### Aim of the exercise
Your answer should hold exactly the lines below from the line with "Pendente Argento con" through the line with "In late January", both included, and no pictures at all.

### Excerpted records
+===+

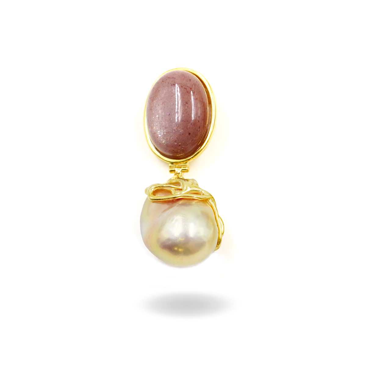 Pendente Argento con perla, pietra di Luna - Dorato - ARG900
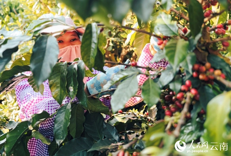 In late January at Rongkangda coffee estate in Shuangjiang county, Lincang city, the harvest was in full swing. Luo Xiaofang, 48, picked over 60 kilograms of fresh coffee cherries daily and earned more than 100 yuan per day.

+===+

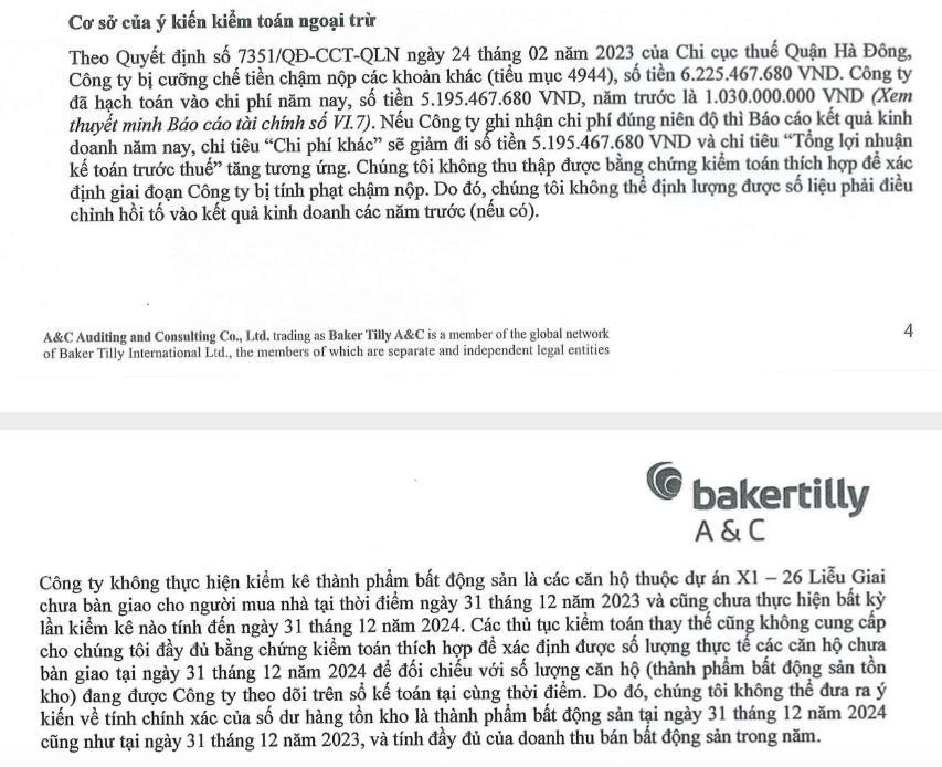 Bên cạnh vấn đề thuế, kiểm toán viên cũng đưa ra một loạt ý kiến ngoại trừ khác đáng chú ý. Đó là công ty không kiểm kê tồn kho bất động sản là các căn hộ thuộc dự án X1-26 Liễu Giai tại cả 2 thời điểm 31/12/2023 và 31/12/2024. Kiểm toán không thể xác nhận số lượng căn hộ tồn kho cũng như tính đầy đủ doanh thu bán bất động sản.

+===+

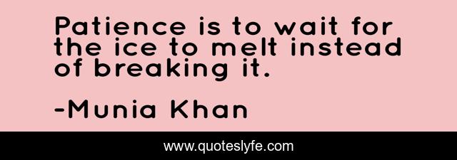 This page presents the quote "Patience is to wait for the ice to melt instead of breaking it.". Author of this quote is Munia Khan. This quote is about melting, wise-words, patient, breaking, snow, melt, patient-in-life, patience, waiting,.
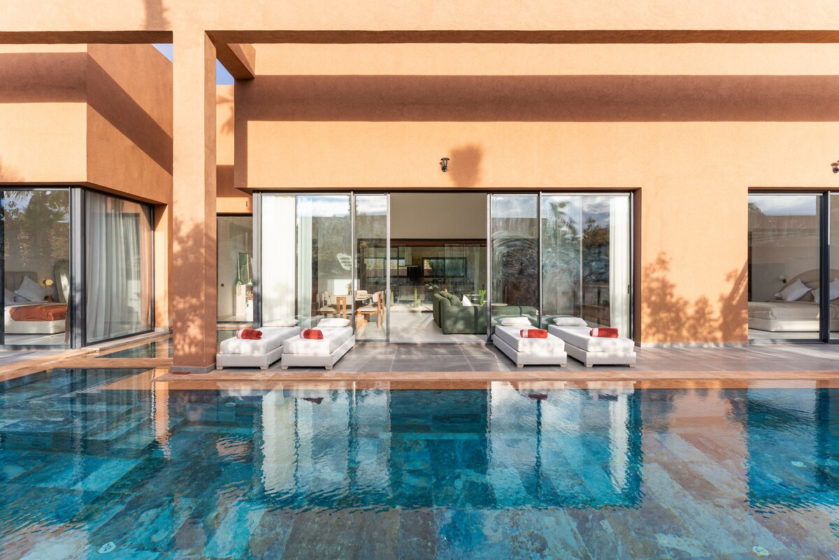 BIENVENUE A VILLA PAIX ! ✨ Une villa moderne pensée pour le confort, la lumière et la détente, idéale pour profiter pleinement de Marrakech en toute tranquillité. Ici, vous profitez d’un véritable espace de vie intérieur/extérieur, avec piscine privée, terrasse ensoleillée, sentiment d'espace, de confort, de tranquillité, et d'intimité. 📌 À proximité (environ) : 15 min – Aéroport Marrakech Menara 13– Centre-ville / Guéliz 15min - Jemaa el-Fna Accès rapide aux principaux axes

+===+

### Response to the task
 Pendente Argento con perla, pietra di Luna - Dorato - ARG900
 In late January at Rongkangda coffee estate in Shuangjiang county, Lincang city, the harvest was in full swing. Luo Xiaofang, 48, picked over 60 kilograms of fresh coffee cherries daily and earned more than 100 yuan per day.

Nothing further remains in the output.